**YOUR GOAL:** The listing is to be transcribed in full, with its images left out.

**EXERCISE INPUTS:**
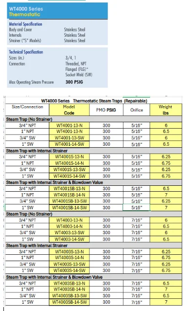 Draining condensate from steam mains and steam supply lines. They can also be used for steam tracing applications. The WT4000 is a High-Capacity Thermostatic steam trap and was specifically designed for removing condensate and air from larger process applications.
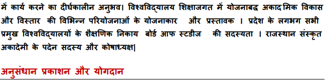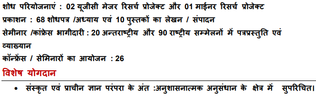 and Sahityacharya, he joined as Lecturer in Sanskrit in DAV College, Pehowa in 1988 and joined as Associate Professor in Department of Sanskrit in 2007 and was promoted as Professor in 2010. Since then he has been member of UG and PG board of studies in various Universities, has delivered lectures as resource person in different colleges and has attended many seminars and conferences. He has guided more then 10 phd students and has achieved many awards for his research contribution in the field of Sanskrit Literature. Recently he has been awarded with Vedavyas Samman (2018) for his book. Along with this he is a humble person and a very good teacher.
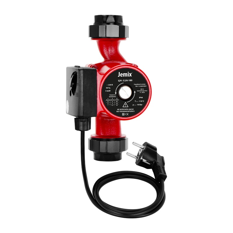 Насос циркуляционный Jemix 3 скорости, 32/6-180мм с гайками, t=110C
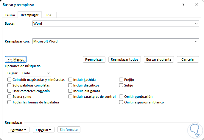 Con cada uno de estos parámetros es posible reemplazar la palabra de una forma mucho más precisa y no reemplazar alguna palabra de forma equivocada.
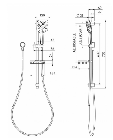 - 630mm brass rail with adjustable shower height
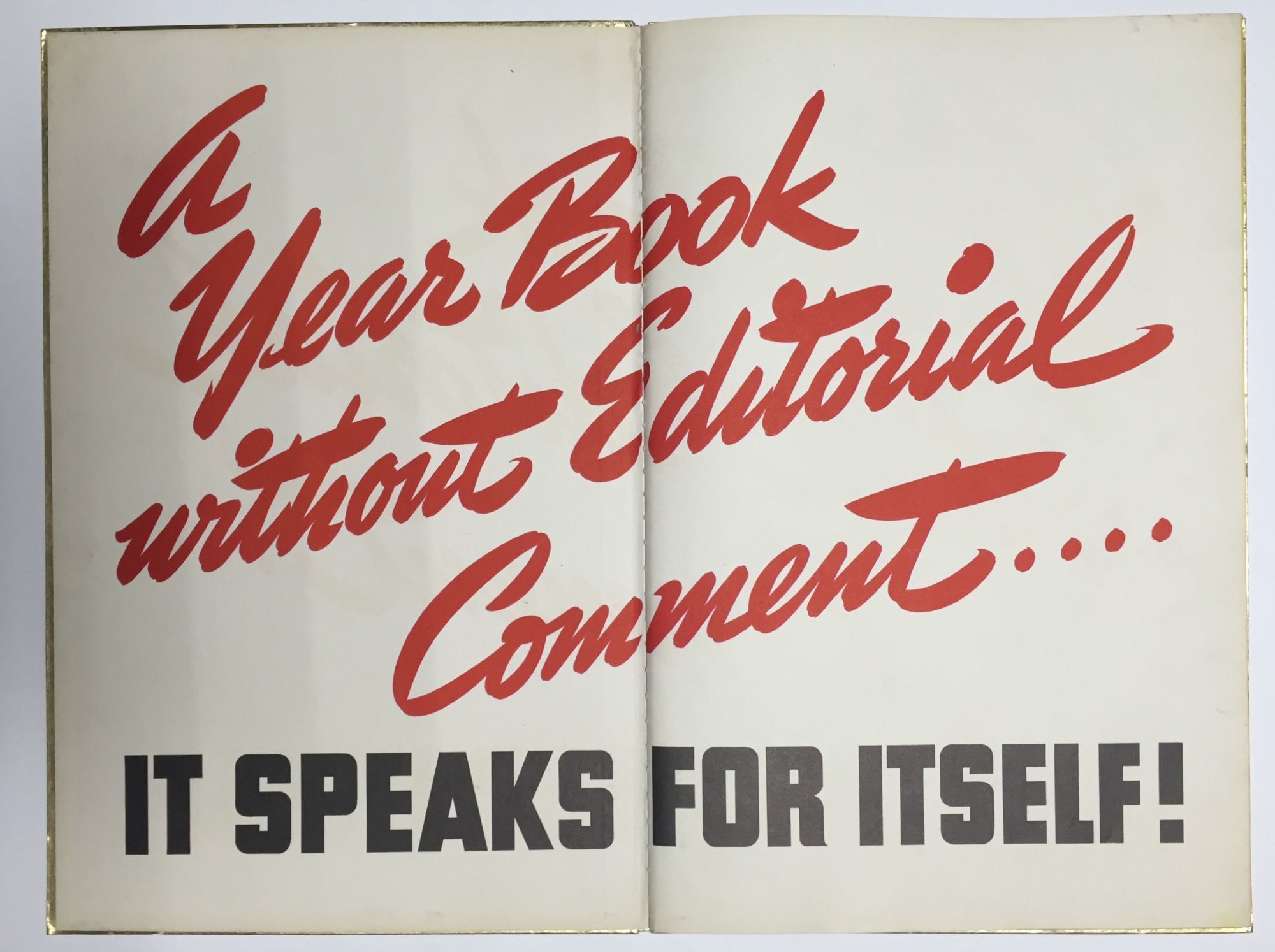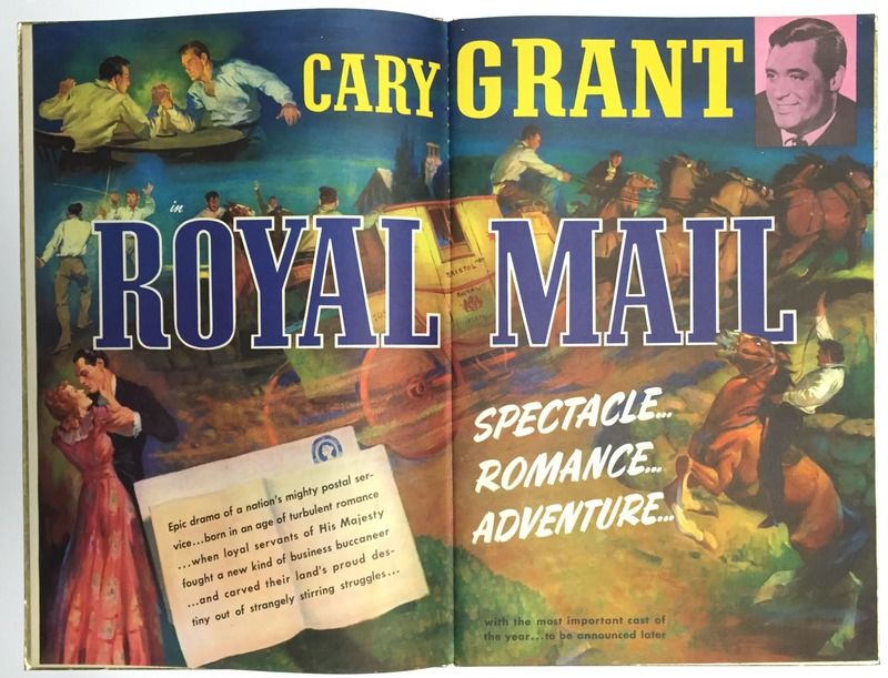[Hollywood] / (New York): [Columbia Pictures] / (Polygraphic Company of America), 1940. First Edition. Very good.. Lavish promotional book of full-bleed and -color lithographed illustrations advertising upcoming programs for Columbia Pictures' 1940-1941 season. Likely distributed to theater owners and clearly produced well in advance of actual production, the book contains a disclaimer stating that properties may not be produced precisely as advertised. And indeed, most of the films advertised did not make it into theaters, or did so with different stars or under different titles. Of the films included, 11 appear to be completely unrealized, with most of the remaining either produced under different titles, with different principals, or both. Most of the pictures rely heavily on Columbia's roster of contract players: Cary Grant, Loretta Young, Melvyn Douglas, Jean Arthur, etc. Star directors like Charles Vidor also feature prominently. While many of the pictures seem well on their way to production — with directors, writers and stars attached — some seem to be little more than ideas, such as "Canal Zone" or "I Joined the Bund," with generic titles evoking timely topics. In addition, a handful of CBS radio plays are advertised as well, including Ellery Queen and Blondie. An uncommon look into film marketing and production at the height of the studio era. Only two holdings in OCLC; especially rare with original mailer. Hardcover. Folio. 18.5" x 12.25" approx. Metallic gold paper covered boards with titles printed in red and blue. Rubbing to boards. Some light wear at spine ends. Interior bright and sharp. In original brown card mailer, worn at edges with moderate damp-staining (not effecting book) at one end. 50pp. Very good overall.
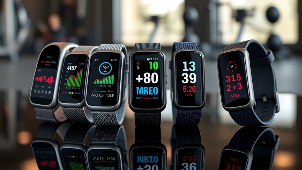 If you’re looking for the best fitness trackers for athletes in 2025, I recommend options like WHOOP 5.0, which offers lab-level accuracy, continuous health monitoring, and personalized insights. Devices like smart fitness bracelets and AMOLED display trackers also provide extensive sport modes, water resistance, and long battery life. These trackers help optimize training, recovery, and overall performance. Keep exploring, and you’ll find detailed insights to choose the perfect device for your athletic goals.
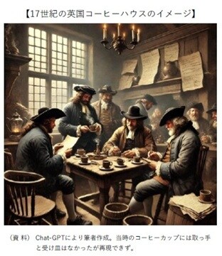 東アフリカを原産地とするコーヒーはイスラム世界から欧州に入ってきた。英国のロンドンに初めてコーヒーハウスが建てられたのは1652年であり、この点に異説はないようだ。ピューリタン革命で国王が斬首されてから3年後、共和制の時代である。17世紀の英国はこの後、王政復古から名誉革命に向かっていく。
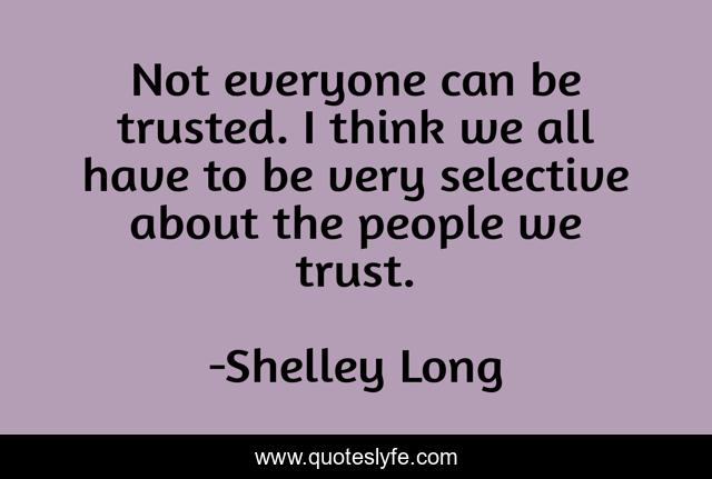 This page presents the quote "Not everyone can be trusted. I think we all have to be very selective about the people we trust.". Author of this quote is Shelley Long. This quote is about think, trusted, people,.

**SOLUTION FOR THIS PROBLEM:**
 Draining condensate from steam mains and steam supply lines. They can also be used for steam tracing applications. The WT4000 is a High-Capacity Thermostatic steam trap and was specifically designed for removing condensate and air from larger process applications.
 and Sahityacharya, he joined as Lecturer in Sanskrit in DAV College, Pehowa in 1988 and joined as Associate Professor in Department of Sanskrit in 2007 and was promoted as Professor in 2010. Since then he has been member of UG and PG board of studies in various Universities, has delivered lectures as resource person in different colleges and has attended many seminars and conferences. He has guided more then 10 phd students and has achieved many awards for his research contribution in the field of Sanskrit Literature. Recently he has been awarded with Vedavyas Samman (2018) for his book. Along with this he is a humble person and a very good teacher.
 Насос циркуляционный Jemix 3 скорости, 32/6-180мм с гайками, t=110C
 Con cada uno de estos parámetros es posible reemplazar la palabra de una forma mucho más precisa y no reemplazar alguna palabra de forma equivocada.
 - 630mm brass rail with adjustable shower height
[Hollywood] / (New York): [Columbia Pictures] / (Polygraphic Company of America), 1940. First Edition. Very good.. Lavish promotional book of full-bleed and -color lithographed illustrations advertising upcoming programs for Columbia Pictures' 1940-1941 season. Likely distributed to theater owners and clearly produced well in advance of actual production, the book contains a disclaimer stating that properties may not be produced precisely as advertised. And indeed, most of the films advertised did not make it into theaters, or did so with different stars or under different titles. Of the films included, 11 appear to be completely unrealized, with most of the remaining either produced under different titles, with different principals, or both. Most of the pictures rely heavily on Columbia's roster of contract players: Cary Grant, Loretta Young, Melvyn Douglas, Jean Arthur, etc. Star directors like Charles Vidor also feature prominently. While many of the pictures seem well on their way to production — with directors, writers and stars attached — some seem to be little more than ideas, such as "Canal Zone" or "I Joined the Bund," with generic titles evoking timely topics. In addition, a handful of CBS radio plays are advertised as well, including Ellery Queen and Blondie. An uncommon look into film marketing and production at the height of the studio era. Only two holdings in OCLC; especially rare with original mailer. Hardcover. Folio. 18.5" x 12.25" approx. Metallic gold paper covered boards with titles printed in red and blue. Rubbing to boards. Some light wear at spine ends. Interior bright and sharp. In original brown card mailer, worn at edges with moderate damp-staining (not effecting book) at one end. 50pp. Very good overall.
 If you’re looking for the best fitness trackers for athletes in 2025, I recommend options like WHOOP 5.0, which offers lab-level accuracy, continuous health monitoring, and personalized insights. Devices like smart fitness bracelets and AMOLED display trackers also provide extensive sport modes, water resistance, and long battery life. These trackers help optimize training, recovery, and overall performance. Keep exploring, and you’ll find detailed insights to choose the perfect device for your athletic goals.
 東アフリカを原産地とするコーヒーはイスラム世界から欧州に入ってきた。英国のロンドンに初めてコーヒーハウスが建てられたのは1652年であり、この点に異説はないようだ。ピューリタン革命で国王が斬首されてから3年後、共和制の時代である。17世紀の英国はこの後、王政復古から名誉革命に向かっていく。
 This page presents the quote "Not everyone can be trusted. I think we all have to be very selective about the people we trust.". Author of this quote is Shelley Long. This quote is about think, trusted, people,.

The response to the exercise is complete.